Konstantine Marjanishvili (1872 Kvareli – 1933 Moscow) – Composer and stage director. Born in Kvareli, in the family of Alexander Marjanishvili (Marjanov) and Princess Elizaveta Chavchavadze, Hegumen Tamar’s brother. He began his career as a theater actor in Kutaisi and Tbilisi from 1893–1896 before traveling with Russian theaters throughout the Russian Empire in the late 1890s. In 1904–1905, he worked as stage director for the Nezlobin Theater in Riga but was also involved in revolutionary activities and befriended the famous Russian writer Maxim Gorkii. He organized and led Kharkov the Actors Association to protect actor’s rights in 1906.

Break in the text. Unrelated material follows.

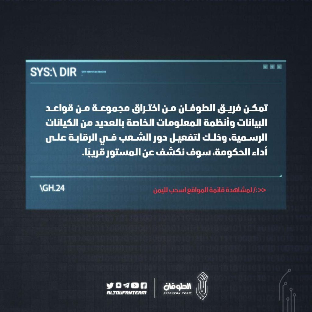 The Flood team managed to penetrate a set of databases and information systems of many official entities, in order to activate the role of the people in monitoring the performance of the government, we will reveal the hidden soon.

In 1907–1908, he acted with Duvan-Tortsov’s troupe in Kiev and, in 1908–1909, with Bagrov’s company in Odessa. However, he was soon expelled from the theater because of the on-stage performance of the Marseillaise.
In 1909, he returned to Nezlobin Theater and later founded the Georgian Drama Studio. From 1910–1913, he performed at the Moscow Arts Theater but then founded the Free Theater in Moscow in 1913. After the closure of the Free Theater, he moved to Rostov-on-Don, where he directed the local theater in 1914–1915. Marjanishvili was invited to Petrograd where he took charge of the Bouffe Theater in 1916–1917.
After the Bolshevik Revolution, he became one of the founders of the Soviet theater and later directed the Free Comedy Theater and Comic Opera Theater. In 1919, he served as a commissar of theaters in Kiev. In 1922, he returned to Georgia, where he directed the Rustaveli Theater. In 1928, he established the Drama Theater in Kutaisi, which later moved to Tbilisi and now carries his name. In his later years, Marjanishvili worked at Korsh Theater (1931–1932), Malyi Theater and Operetta Theater in Moscow (1933).
He was awarded the title of People’s Artist of the Georgian SSR in 1931. He was famous for his lavish and massive theater shows, and among his stage productions are The End of the “Nadezhda” (1909), Dostoevsky’s Brothers Karamazov (1910), Ibsen’s Per Gynt (1912), Offenbach’s Die Schöne Helena (1913), Mozart’s Entführung aus dem Serail (1923), Eristavi’s Partition (1823), Arakishvili’s The Tale of Shota Rustaveli (1923), Shakespeare’s Hamlet (1925), Kutateli’s Midnight Past (1929), and Rossini’s William Tell (1931).